■ WHAT YOU WILL DO:
Copy every line of the listing that holds the string "silhouette".

■ EXERCISE INPUT:
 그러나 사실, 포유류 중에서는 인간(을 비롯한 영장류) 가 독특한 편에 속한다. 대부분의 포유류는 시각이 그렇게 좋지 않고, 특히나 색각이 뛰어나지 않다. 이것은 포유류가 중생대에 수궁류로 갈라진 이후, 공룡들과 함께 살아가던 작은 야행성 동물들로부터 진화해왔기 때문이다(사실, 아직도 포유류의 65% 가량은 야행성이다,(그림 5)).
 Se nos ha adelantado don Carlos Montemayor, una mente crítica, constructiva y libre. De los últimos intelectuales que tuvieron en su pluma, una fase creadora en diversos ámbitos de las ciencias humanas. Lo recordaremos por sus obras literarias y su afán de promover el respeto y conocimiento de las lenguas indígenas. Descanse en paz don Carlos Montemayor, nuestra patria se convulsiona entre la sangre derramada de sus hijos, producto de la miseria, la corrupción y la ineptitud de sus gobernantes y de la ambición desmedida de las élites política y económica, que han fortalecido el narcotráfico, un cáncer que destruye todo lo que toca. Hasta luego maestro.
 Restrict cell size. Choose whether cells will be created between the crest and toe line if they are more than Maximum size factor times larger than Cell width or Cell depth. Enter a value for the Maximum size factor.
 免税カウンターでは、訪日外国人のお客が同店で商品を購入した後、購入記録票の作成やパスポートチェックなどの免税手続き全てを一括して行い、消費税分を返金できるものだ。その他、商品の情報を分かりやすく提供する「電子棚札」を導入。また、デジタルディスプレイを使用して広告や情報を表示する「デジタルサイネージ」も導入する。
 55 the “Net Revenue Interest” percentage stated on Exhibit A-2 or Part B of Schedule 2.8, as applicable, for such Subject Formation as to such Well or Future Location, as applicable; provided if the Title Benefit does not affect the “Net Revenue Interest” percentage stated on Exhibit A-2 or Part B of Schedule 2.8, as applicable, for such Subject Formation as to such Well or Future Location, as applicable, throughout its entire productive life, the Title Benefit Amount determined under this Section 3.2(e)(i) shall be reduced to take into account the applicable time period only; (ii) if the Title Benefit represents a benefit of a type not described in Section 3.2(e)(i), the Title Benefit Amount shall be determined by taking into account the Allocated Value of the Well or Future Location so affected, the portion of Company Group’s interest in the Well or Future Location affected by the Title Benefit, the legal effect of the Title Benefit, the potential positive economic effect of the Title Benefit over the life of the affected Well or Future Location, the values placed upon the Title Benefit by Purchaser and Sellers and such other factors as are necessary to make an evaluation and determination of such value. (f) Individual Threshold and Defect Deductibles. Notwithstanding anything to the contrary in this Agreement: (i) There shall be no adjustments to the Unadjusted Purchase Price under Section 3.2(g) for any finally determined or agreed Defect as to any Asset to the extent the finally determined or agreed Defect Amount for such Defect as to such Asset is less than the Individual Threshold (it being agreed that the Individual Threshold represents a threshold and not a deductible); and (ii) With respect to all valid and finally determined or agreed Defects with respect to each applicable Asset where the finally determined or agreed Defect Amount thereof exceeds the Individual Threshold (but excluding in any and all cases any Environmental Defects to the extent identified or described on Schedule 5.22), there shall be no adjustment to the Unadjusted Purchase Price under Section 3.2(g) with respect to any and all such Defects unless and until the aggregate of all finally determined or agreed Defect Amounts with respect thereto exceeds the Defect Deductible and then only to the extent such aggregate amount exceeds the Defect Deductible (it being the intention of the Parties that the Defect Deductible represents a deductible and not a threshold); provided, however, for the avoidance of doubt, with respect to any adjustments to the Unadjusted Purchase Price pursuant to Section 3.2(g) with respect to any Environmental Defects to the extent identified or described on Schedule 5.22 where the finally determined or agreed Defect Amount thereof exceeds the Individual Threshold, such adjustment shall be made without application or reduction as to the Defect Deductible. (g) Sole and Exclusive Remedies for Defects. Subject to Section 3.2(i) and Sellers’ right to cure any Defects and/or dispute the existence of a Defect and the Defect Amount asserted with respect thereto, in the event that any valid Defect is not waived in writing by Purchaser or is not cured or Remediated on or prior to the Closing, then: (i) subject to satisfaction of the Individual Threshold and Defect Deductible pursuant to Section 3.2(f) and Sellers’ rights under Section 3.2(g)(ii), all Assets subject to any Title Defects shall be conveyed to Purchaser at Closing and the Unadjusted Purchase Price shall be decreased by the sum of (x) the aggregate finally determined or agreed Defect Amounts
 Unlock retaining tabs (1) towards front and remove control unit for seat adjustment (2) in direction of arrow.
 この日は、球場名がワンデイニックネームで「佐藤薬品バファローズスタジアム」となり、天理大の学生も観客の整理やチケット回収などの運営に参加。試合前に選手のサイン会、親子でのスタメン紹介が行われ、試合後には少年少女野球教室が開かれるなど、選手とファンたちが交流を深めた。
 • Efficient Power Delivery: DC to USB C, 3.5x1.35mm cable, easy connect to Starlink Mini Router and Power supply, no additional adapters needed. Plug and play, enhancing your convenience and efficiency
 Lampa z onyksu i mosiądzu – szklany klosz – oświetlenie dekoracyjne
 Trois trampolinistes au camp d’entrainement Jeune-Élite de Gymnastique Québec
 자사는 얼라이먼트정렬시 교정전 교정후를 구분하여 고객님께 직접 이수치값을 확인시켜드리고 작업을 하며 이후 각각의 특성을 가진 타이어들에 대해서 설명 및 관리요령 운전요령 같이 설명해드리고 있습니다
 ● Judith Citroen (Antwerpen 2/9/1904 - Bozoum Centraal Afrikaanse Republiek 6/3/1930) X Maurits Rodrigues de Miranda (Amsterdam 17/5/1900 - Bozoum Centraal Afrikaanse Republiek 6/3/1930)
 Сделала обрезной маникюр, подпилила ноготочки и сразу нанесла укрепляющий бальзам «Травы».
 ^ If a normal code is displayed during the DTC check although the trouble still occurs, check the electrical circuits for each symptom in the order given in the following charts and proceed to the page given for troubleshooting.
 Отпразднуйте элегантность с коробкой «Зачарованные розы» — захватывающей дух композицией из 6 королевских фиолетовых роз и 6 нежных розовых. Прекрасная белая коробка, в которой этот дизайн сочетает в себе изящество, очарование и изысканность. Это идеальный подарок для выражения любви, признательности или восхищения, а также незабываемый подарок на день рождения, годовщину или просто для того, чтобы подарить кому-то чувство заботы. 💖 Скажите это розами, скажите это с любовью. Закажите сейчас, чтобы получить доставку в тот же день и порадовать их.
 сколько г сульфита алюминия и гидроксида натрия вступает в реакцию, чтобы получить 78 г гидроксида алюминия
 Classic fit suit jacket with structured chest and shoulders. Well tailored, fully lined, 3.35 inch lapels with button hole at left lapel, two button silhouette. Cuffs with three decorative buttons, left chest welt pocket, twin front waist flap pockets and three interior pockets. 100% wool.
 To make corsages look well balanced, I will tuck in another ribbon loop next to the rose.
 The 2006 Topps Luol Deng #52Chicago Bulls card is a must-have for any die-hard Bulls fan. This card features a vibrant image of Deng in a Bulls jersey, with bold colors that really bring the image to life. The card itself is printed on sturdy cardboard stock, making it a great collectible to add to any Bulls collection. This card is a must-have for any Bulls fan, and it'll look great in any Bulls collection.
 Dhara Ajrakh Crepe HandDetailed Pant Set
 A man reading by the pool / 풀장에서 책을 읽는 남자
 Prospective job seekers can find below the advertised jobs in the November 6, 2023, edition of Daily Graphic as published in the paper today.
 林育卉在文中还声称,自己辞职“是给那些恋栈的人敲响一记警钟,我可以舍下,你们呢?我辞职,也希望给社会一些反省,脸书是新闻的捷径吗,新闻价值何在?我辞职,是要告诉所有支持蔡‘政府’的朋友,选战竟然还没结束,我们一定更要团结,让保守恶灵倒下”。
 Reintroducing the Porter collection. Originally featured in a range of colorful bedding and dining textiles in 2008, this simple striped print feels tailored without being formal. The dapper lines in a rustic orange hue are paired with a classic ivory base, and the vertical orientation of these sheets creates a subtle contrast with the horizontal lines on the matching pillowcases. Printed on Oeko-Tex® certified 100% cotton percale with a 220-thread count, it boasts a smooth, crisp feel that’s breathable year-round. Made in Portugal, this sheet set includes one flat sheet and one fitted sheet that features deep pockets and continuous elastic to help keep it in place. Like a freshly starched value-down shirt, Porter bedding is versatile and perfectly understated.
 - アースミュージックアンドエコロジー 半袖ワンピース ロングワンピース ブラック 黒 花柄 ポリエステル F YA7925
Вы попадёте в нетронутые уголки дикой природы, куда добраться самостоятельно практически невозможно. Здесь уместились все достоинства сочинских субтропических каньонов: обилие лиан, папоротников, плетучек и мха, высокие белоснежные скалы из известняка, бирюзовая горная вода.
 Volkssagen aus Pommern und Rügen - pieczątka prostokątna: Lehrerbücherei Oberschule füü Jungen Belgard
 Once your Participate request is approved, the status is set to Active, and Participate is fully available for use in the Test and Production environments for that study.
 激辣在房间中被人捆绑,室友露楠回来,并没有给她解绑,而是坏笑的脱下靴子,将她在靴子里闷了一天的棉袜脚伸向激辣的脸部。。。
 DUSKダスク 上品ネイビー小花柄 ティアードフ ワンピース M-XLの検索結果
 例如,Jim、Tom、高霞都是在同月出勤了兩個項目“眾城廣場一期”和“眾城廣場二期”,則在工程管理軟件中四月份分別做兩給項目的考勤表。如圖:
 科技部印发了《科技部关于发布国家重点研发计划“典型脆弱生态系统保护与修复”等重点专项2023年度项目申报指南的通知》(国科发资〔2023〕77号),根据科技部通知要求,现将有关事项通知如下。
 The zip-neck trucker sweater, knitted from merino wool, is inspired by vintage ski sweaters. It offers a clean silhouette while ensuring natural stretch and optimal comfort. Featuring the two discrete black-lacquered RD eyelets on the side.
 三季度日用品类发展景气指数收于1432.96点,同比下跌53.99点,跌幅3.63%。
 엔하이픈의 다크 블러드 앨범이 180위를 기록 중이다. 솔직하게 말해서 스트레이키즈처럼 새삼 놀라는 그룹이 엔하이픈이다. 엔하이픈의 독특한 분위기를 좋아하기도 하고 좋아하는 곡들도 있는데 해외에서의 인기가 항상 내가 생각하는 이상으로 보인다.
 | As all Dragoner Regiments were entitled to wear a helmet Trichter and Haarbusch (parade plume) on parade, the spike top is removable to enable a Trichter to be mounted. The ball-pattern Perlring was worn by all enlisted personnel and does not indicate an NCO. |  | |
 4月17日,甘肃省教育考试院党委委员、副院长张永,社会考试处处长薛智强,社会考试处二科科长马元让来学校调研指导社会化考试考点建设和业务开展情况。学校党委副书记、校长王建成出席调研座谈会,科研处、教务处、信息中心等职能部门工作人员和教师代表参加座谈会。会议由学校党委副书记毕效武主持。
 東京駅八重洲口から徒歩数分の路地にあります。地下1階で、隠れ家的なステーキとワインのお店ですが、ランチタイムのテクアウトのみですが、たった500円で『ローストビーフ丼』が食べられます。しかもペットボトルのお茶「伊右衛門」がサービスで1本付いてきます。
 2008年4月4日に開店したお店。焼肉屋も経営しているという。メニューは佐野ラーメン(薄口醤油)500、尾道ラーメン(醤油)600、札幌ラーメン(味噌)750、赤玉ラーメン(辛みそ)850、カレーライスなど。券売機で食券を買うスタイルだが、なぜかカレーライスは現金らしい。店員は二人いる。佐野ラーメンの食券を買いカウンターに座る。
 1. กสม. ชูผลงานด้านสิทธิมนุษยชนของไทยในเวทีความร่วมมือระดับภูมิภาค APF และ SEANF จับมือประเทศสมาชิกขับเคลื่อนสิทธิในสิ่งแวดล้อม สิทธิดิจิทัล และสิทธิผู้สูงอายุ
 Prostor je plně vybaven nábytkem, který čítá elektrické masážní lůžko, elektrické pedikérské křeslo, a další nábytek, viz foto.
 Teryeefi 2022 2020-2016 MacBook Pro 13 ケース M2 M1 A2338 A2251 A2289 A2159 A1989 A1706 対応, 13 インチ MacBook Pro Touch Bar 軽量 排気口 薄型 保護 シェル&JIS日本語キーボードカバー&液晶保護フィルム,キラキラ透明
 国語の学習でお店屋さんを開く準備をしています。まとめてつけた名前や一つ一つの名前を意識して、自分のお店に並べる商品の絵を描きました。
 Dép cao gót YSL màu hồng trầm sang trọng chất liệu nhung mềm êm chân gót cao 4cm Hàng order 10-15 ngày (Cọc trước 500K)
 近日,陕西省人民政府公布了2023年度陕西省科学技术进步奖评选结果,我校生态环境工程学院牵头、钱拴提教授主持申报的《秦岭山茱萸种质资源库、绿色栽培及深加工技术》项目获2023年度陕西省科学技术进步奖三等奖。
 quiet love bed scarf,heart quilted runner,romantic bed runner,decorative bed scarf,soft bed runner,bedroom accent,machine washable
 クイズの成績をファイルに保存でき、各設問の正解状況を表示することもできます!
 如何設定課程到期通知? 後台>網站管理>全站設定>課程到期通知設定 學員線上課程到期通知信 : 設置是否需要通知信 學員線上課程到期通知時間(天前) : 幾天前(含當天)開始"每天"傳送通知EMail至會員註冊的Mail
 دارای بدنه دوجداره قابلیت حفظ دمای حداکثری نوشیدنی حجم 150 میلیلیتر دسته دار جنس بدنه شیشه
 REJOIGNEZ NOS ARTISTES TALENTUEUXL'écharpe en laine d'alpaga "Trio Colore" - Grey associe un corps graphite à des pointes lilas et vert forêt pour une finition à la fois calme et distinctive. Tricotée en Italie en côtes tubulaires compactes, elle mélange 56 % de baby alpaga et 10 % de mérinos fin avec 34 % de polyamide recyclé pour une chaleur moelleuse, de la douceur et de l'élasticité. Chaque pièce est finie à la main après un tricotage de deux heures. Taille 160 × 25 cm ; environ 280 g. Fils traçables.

■ RESULT OF THE EXERCISE:
 Classic fit suit jacket with structured chest and shoulders. Well tailored, fully lined, 3.35 inch lapels with button hole at left lapel, two button silhouette. Cuffs with three decorative buttons, left chest welt pocket, twin front waist flap pockets and three interior pockets. 100% wool.
 The zip-neck trucker sweater, knitted from merino wool, is inspired by vintage ski sweaters. It offers a clean silhouette while ensuring natural stretch and optimal comfort. Featuring the two discrete black-lacquered RD eyelets on the side.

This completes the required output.